Aim: The study aims at evaluating IR at different trimesters of pregnancy.
Materials and Methods: Pregnant women at 1st, 2nd and 3rd trimester were grouped into groups I, II and III respectively (n=20 in each group). Healthy non-pregnant women were taken as controls (n=30). Fasting plasma glucose (FPG) and fasting serum insulin (FSI) were measured and IR indices such as fasting glucose to insulin ratio (FGIR), quantitative insulin sensitivity check index (QUICKI), log FSI and log HOMA1-IR were calculated. The student’s t-test and one way Analysis of variance (ANOVA) were used for data analysis.

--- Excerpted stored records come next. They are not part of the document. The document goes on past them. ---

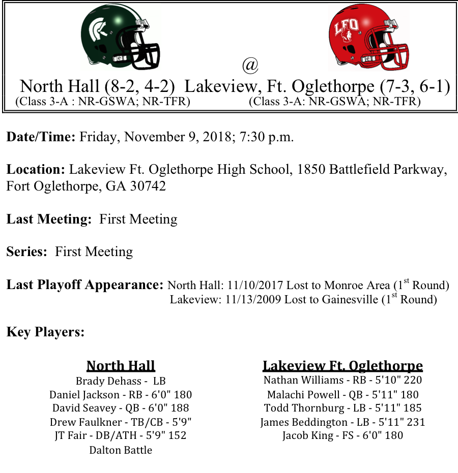 Lakeview Ft. Oglethorpe will host a very dangerous North Hall team this week in round one. The North Hall Trojans enter the game averaging 43.1 points per game. Through 9-games, Daniel Jackson led the team in rushing with 862 yards and 16-TDs. JT Fair has added 635 yards as well. The Trojans are averaging just over 5 pass attempts per game. The North hall defense is giving up 10.1 points per game; they’ve not given up more than 21 points in a game this season. Lakeview Ft. Oglethorpe (LFO), comes into the game averaging 29.4 points per game. Like the Trojans, LFO depends heavily on the run. Nathan Williams leads the charge for the Warriors with 947 yards and 11-TDs. This might be one of the shortest games in the playoffs this week as there shouldn’t be much passing going on. Regardless of the game time, we like North Hall to come out on top by 10 points on the road.
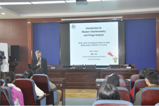 硕博士研究生和相关专业教师参加。报告中武田光夫教授回顾了光学干涉技术的发展历程与进展,结合干涉测量原理,对其发明的“通过傅里叶变换方式进行条纹分析”技术进行了详细和生动的阐述,并与师生进行了充分交流和讨论,对提出的专业问题作了详细的解答。
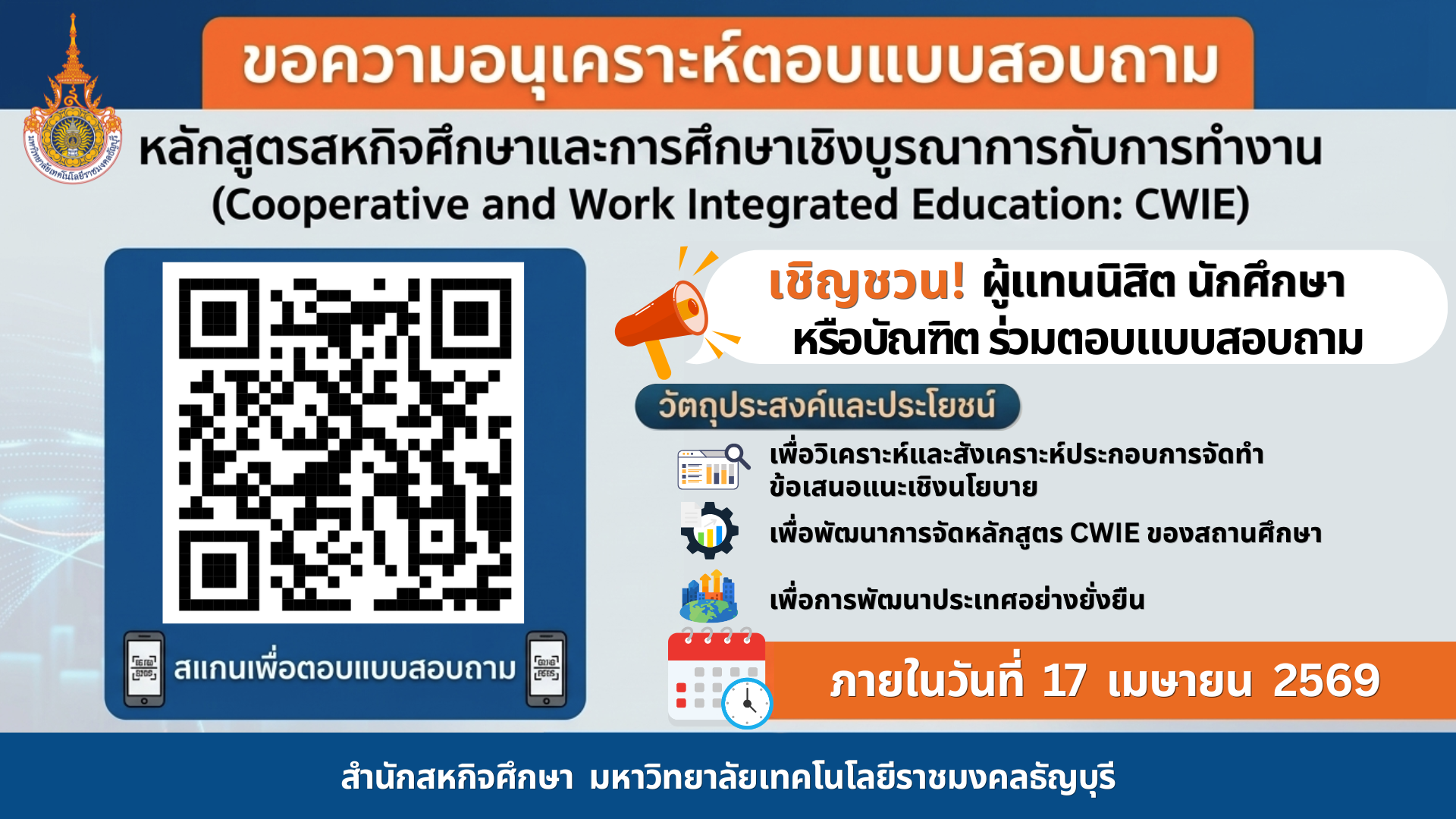 มกราคม 14, 2026ประกาศผลการประกวดแข่งขันสหกิจศึกษาดีเด่น ประจำปีการศึกษา 2568
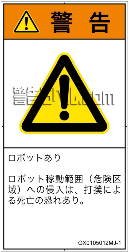 ロボット稼動範囲(危険区域)への侵入は、打撲による死亡の恐れあり。
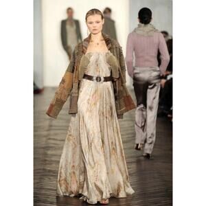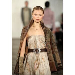 I also have the strapless floral gown in size 10 that’s pictured with the sweater in the runway photos if interested.

Results: The mean FSI, log FSI and log HOMA 1-IR were significantly higher in 2nd and 3rd trimesters while QUICKI was significantly lower in 2nd and 3rd trimesters of pregnancy when compared with controls. Also, mean FGIR was found to be significantly lower in 3rd trimester when compared with controls.
Conclusion: As pregnancy advances, IR increases. Increased IR is associated with poor maternal and fetal outcome. Screening of all pregnancy for IR and early intervention may help to reduce the associated complications.

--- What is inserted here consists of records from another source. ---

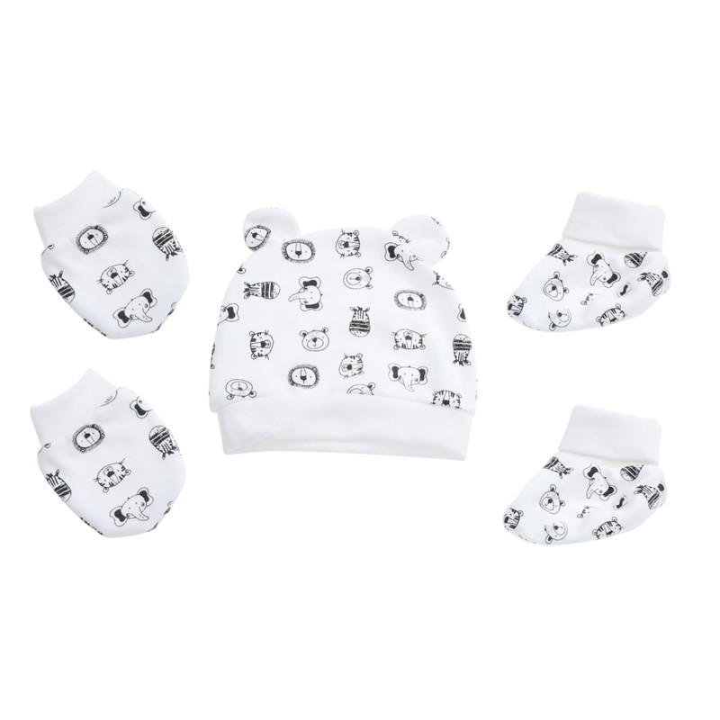 Gatuida 1Set Newborn Cotton Hat and Foot Cover with Scratch Gloves Soft Durable Skin Friendly Cotton for Cold Weather and Protection From Scratches
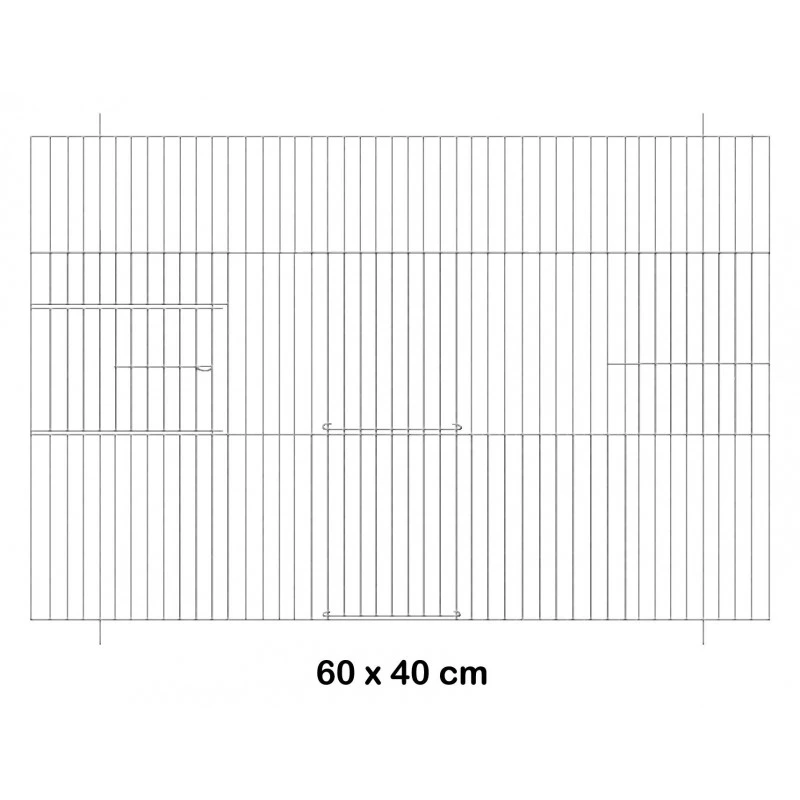- Façade de cage chromée pour la construction de batteries pour becs droits et perruches comprenant 1 porte à guillotine, 1 portes latérale pour le nid extérieur ou la baignoire.
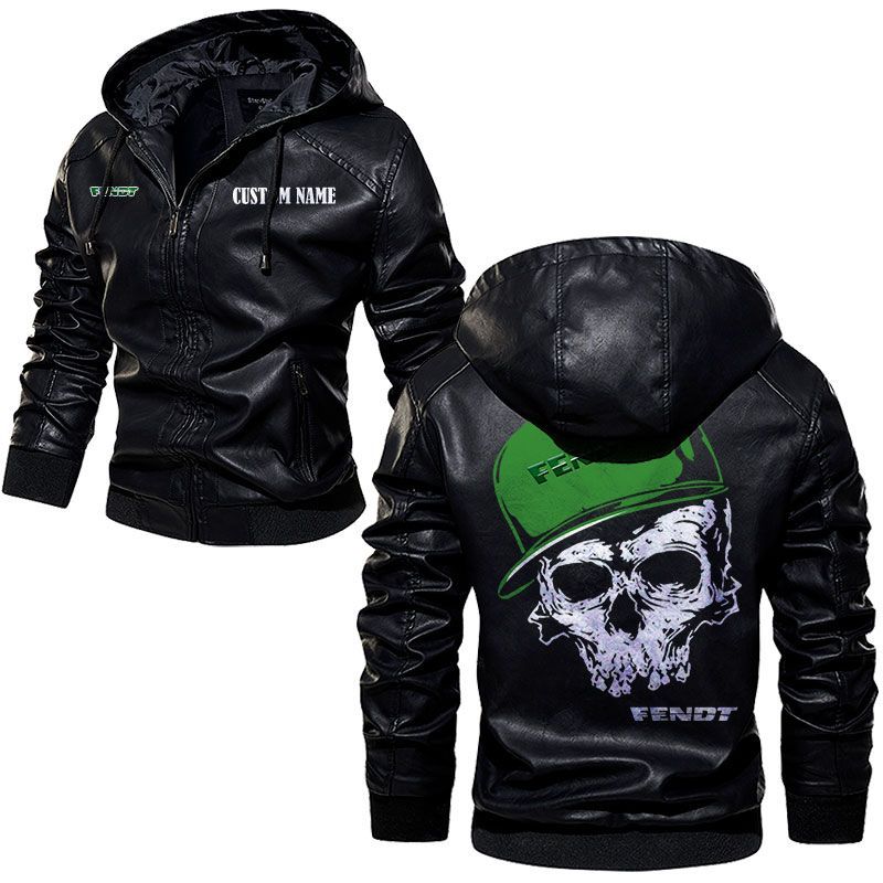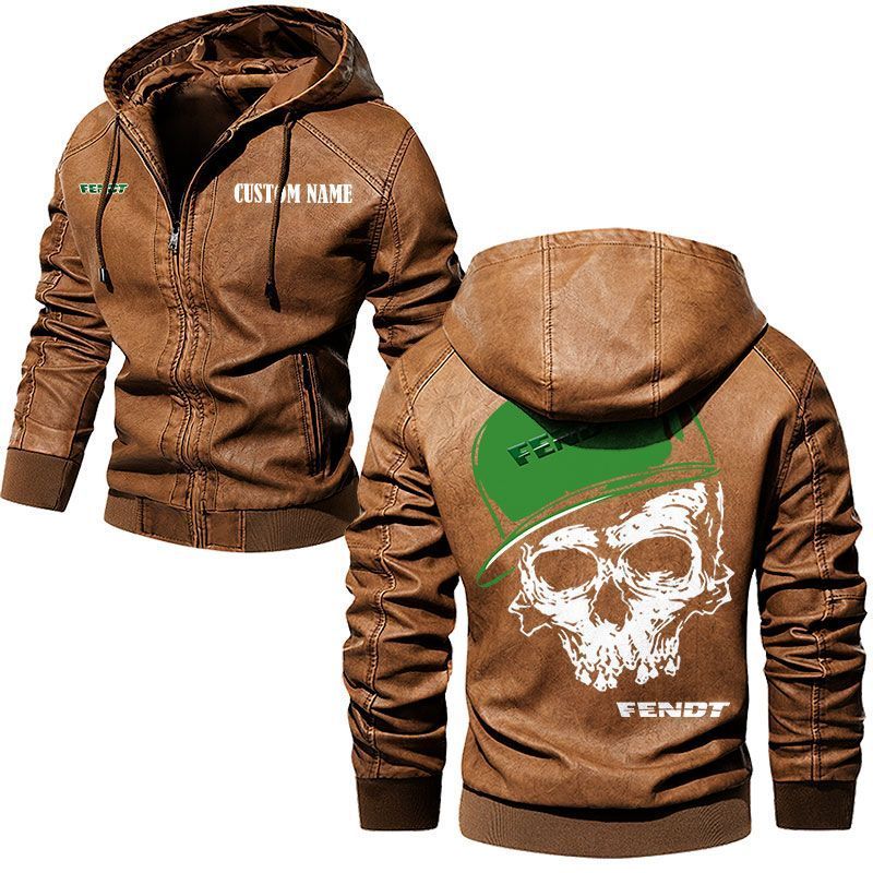Custom Name Skull Design Fendt Leather Hoodie Jacket

Keywords: Gestation, Insulin insensitivity, Log HOMA 1-IR, Trimester, QUICKI
Introduction
Pregnancy can be associated with many metabolic, biochemical, physiological, hematological and immunological changes. With no complications at full term, these changes are reversible after delivery [1]. Healthy women pregnancy can be associated with resistance to the action of insulin on glucose uptake and utilization [2]. IR is defined as decreased ability of target tissues such as liver, adipose tissue and muscle to respond to normal circulating concentrations of insulin [3]. It is reported that pregnant women require an additional energy of 300 kcal/day over routine energy intake [2] while the average glucose utilized by a growing fetus at the 3rd trimester reaches approximately to 33 μmol/kg/min [4]. Maternal IR leads to more use of fats than carbohydrates for energy by mother and spares carbohydrates for fetus. Thus, the development of IR serves as a physiological adaptation of the mother to ensure adequate carbohydrate supply for the rapidly growing fetus [4].
As the pregnancy advances to third trimester, insulin sensitivity may gradually decline to 50% of the normal expected value [5]. This decline is reported to be mediated by a number of factors such as increase in the levels of estrogen, progesterone, human placental lactogen (hPL), among other factors [6].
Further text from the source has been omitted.